Ldr is a structure of the type _PEB_LDR_DATA. It contains an entry called

InMemoryOrderModuleList

This list contains all the loaded DLLs that are present in the memory of the examined process. We browse through this list until we find the DLL of our interest that, in this case, is NTDLL. This is exactly what the mentioned function get_ntdll does. In order to find the appropriate name, it calls the following function—denoted as

is_ntdll_lib

—that checks the name of the library character-by-character and compares it with ntdll.dll. It is an equivalent of this code.
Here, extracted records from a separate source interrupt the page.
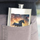 The product is a good size and came exactly as it was pictured. The lid is not attached to the flask, which could be dangerous on drunken nights... The print came out surprisingly well and looks very sharp. Would definitely recommend.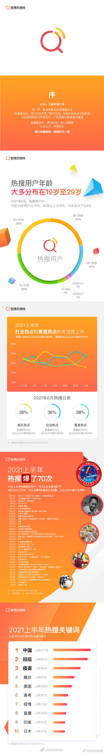 在引发全网关注的爆词方面,2021上半年热搜泛社会爆词达到27个,数量提升至9倍,占⽐从25%提升⾄39%,显著高于以往。从年龄分布上看,19-29岁是热搜的主要用户群体。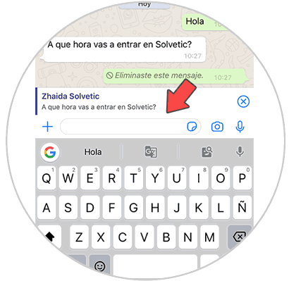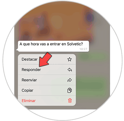 En el caso de nuestro dispositivo sea iOS, la forma para citar un mensaje desde el chat de WhatsApp es la siguiente.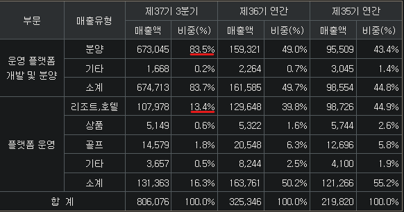 *유동적 / 호텔&리조트분양(84%), 호텔&리조트운영(14%)

If the name matches, the address to the library is returned in a pair of registers:

Once we found NTDLL, we just needed to fetch addresses of the appropriate functions. We did this by browsing the exports table of the DLL:

The following functions are being fetched:

NttUnmapViewOfSection
NtGetContextThread
NtAllocateVirtualMemory
NtReadVirtualMemory
NtWriteVirtualMemory
NtSetContextThread

As we know, those functions are typical for RunPE technique. First, the

NtUnmapViewOfSection

is used to unmap the original PE file. Then, memory in the remote process is allocated, and the new PE is written. At the end, the context of the process is changed to start the execution from the injected module.

The addresses of the functions are saved and later called (similarly to this code) to manipulate the remote process.

Conclusion

So far, authors of coin miners don’t show a lot of creativity. They achieve their goals by heavily relying on open-source components. The described case also shows this tendency – they made use of a ready made implementation.

The Heaven’s Gate technique has been around for several years. Some malware use it for the purpose of being stealthy. But in case of this coin miner, authors probably aimed rather to maximize performance by using a payload version that best fit the target architecture.